In 1978 Elbakyan met Hrachia Ghaplanyan, People’s Artist of USSR and artistic director of Sundukyan State Academic Theatre of Yerevan. For Elbakyan it was a turning point in choosing his career. Hrachia Ghaplanyan invited Elbakyan right away to study at Acting Theater-Studio of Yerevan State Theater after Gabriel Sundukyan as a sophomore student. Elbakyan was enrolled in People’s Artist of USSR Khoren Abrahamayn’s department. In 1980 Elbakyan graduated from the studio and in his graduation work he played the leading role of Zimzimov in G. Sundukyan’s “Pepo” play.

== Theatre ==

- 1980-1982 Elbakyan was the leading actor of Sundukyan State Academic Theatre of Yerevan.
- 1982-1984 – leading actor of Yerevan Experimental Theatre.
- 1984-1990 – leading actor of Yerevan Theatre of Young Spectator.
- 1985-1991 – studied at Yerevan Institute of Fine Arts and Theatre, majored in “Production Art” and received title of “Theatrical Director”.
- In 1985 Elbakyan was awarded Lenin Komsomol Prize for great achievements in arts.
- In 1985 Elbakyan took part in the XII World Festival of Youth and Students as a delegate from Armenia. Elbakyan was an honorable flag bearer of Armenian delegation.
- 1990 Elbakyan founded his own Theatre “13” where he was a director, an actor and artistic director. The first President of Armenia Levon Ter-Petrossian was present at the opening ceremony of Theater “13”.
- 1995-1996 – along with People’s Artists of Armenia Guzh Manukyan, Levon Tukhikyan, Vladimir Msryan Arthur Elbakyan founded ‘“Theatre Foundation”’.

== Television ==

- 1993-1995 - Elbakyan started It's Majesty Theater and Meetings television shows on National Television Channel of Armenia.

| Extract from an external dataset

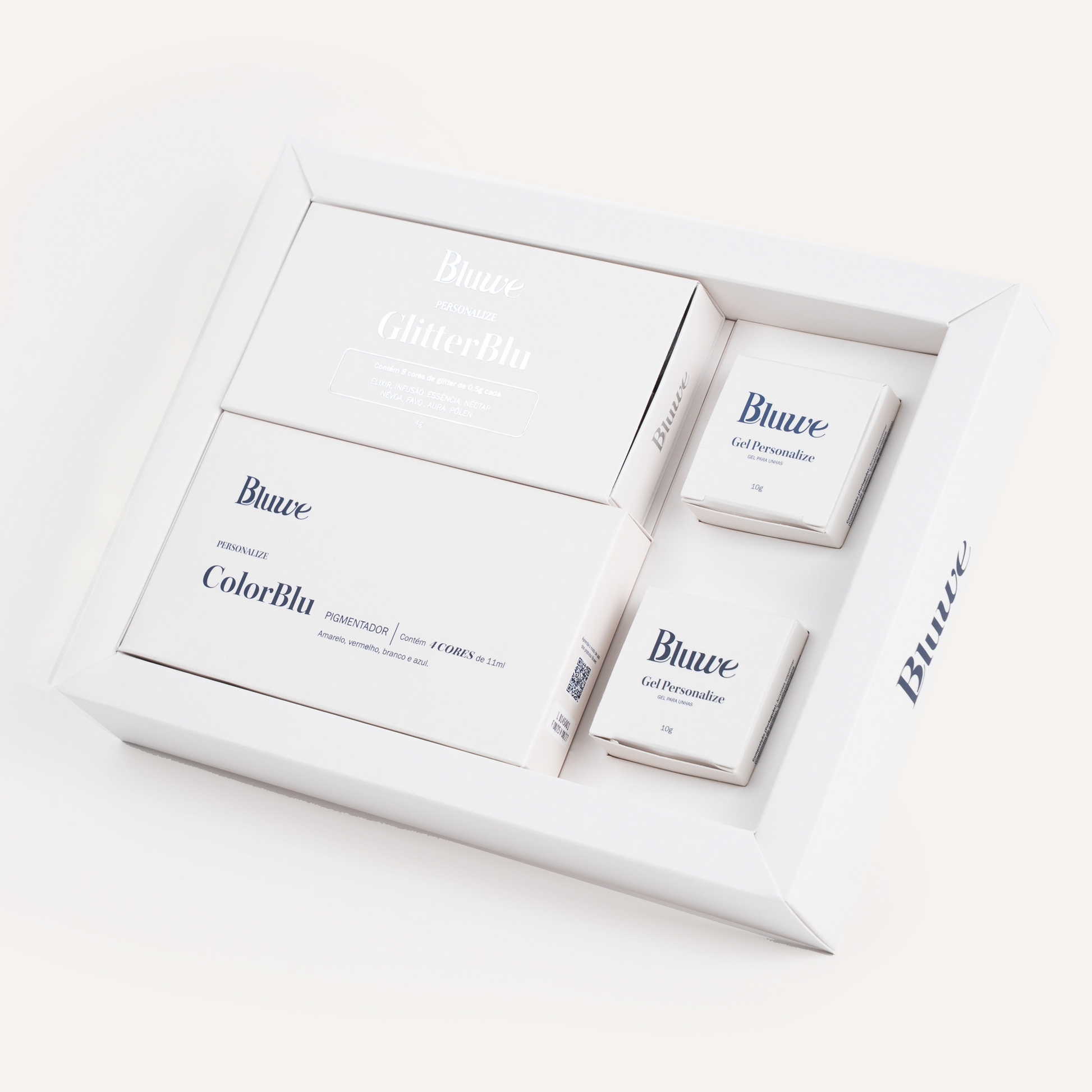 O Kit Personalize Bluwe é composto por 3 produtos da Linha Personalize: ColorBlu, Gel Personalize e GlitterBlu. Juntos, eles são um kit exclusivo e pioneiro para criar as misturinhas em mesa com segurança e compatibilidade entre o gel de unha, os pigmentos e os glitters. O Kit Personalize proporciona à nail designer maior liberdade criativa, autonomia e agrega valor ao trabalho da profissional aplicado em mesa, além de encantar as clientes com um produto feito e pensado para elas.

Among the guests of the shows were the first president of Armenia Levon Ter-Petrosian, politician Zurab Zhvania, also such celebrity couples as Gohar Gasparyan and Tigran Levonyan, Syuzan Margaryan and Hrachya Harutyunyan and their daughter Sirusho.
- 1995-1996 – along with People’s Artists of Armenia Guzh Manukyan, Levon Tukhikyan, Vladimir Msryan Arthur Elbakyan founded ‘“Theatre Foundation”’.
- 1996-2000 – co-founder, vice-president of first independent television channel in Armenia "AR", author and anchor of numerous shows and documentaries, including Friday Nights I Can’t Sleep, Rendezvous.
- 1998 – Executive Producer of Humorous Radio Station “Armenian Radio” in Moscow, Russia.
- 1998-2000 – Special Correspondent of National Television Channel of Armenia in Moscow, Russia.

== Other ==

- 2002-2005 - advisor for London & Regional Properties in Russia and CIS countries.
- Since 2005 until now - author and director of films about various countries and cities – Israel, USA, Italy, London, Paris, Barcelona, etc.
- Arthur Elbakyan is a member of Theatre Worker’s Union of the Republic of Armenia since 1986.